#### WORK REQUEST
Copy the data that appears below exactly. Drop the pictures.

#### DATASET EXCERPT

*** Block opens ***

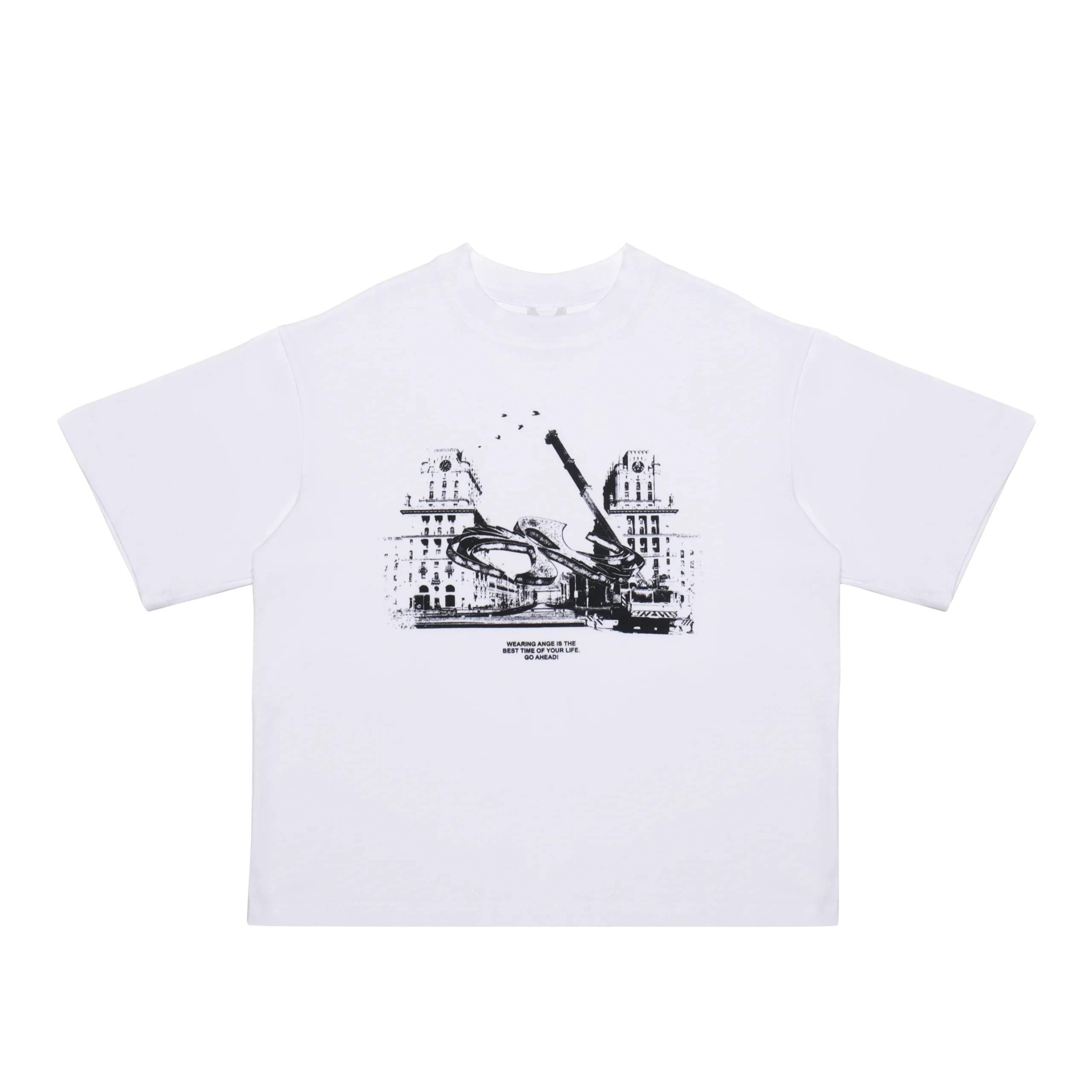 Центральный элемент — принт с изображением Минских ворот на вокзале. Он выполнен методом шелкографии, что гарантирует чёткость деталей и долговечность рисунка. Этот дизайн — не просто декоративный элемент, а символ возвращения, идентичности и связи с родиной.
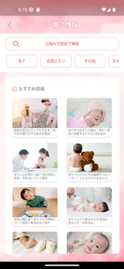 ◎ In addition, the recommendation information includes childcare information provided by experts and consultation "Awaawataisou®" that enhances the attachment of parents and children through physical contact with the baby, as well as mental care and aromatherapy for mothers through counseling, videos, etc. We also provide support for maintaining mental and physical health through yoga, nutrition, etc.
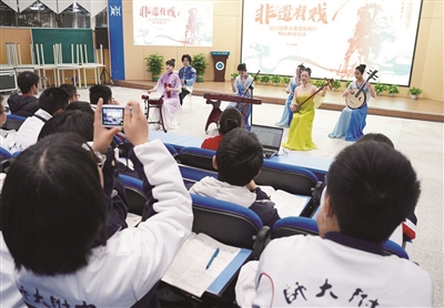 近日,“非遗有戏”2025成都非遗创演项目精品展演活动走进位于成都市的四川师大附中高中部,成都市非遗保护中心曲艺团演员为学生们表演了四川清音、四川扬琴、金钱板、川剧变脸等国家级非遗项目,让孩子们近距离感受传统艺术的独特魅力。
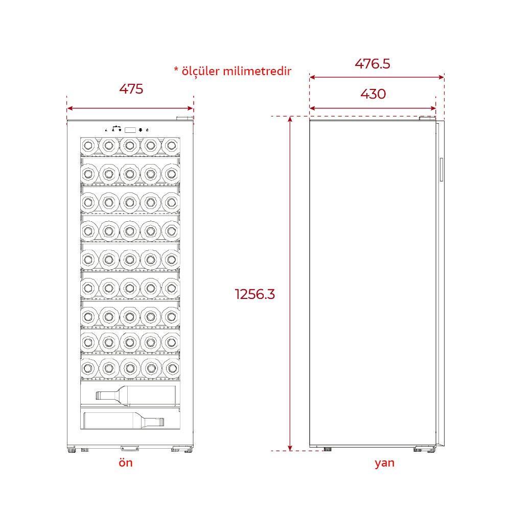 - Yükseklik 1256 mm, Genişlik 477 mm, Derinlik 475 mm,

*** Block closes ***

#### SOLUTION FOR THIS PROBLEM
 Центральный элемент — принт с изображением Минских ворот на вокзале. Он выполнен методом шелкографии, что гарантирует чёткость деталей и долговечность рисунка. Этот дизайн — не просто декоративный элемент, а символ возвращения, идентичности и связи с родиной.
 ◎ In addition, the recommendation information includes childcare information provided by experts and consultation "Awaawataisou®" that enhances the attachment of parents and children through physical contact with the baby, as well as mental care and aromatherapy for mothers through counseling, videos, etc. We also provide support for maintaining mental and physical health through yoga, nutrition, etc.
 近日,“非遗有戏”2025成都非遗创演项目精品展演活动走进位于成都市的四川师大附中高中部,成都市非遗保护中心曲艺团演员为学生们表演了四川清音、四川扬琴、金钱板、川剧变脸等国家级非遗项目,让孩子们近距离感受传统艺术的独特魅力。
 - Yükseklik 1256 mm, Genişlik 477 mm, Derinlik 475 mm,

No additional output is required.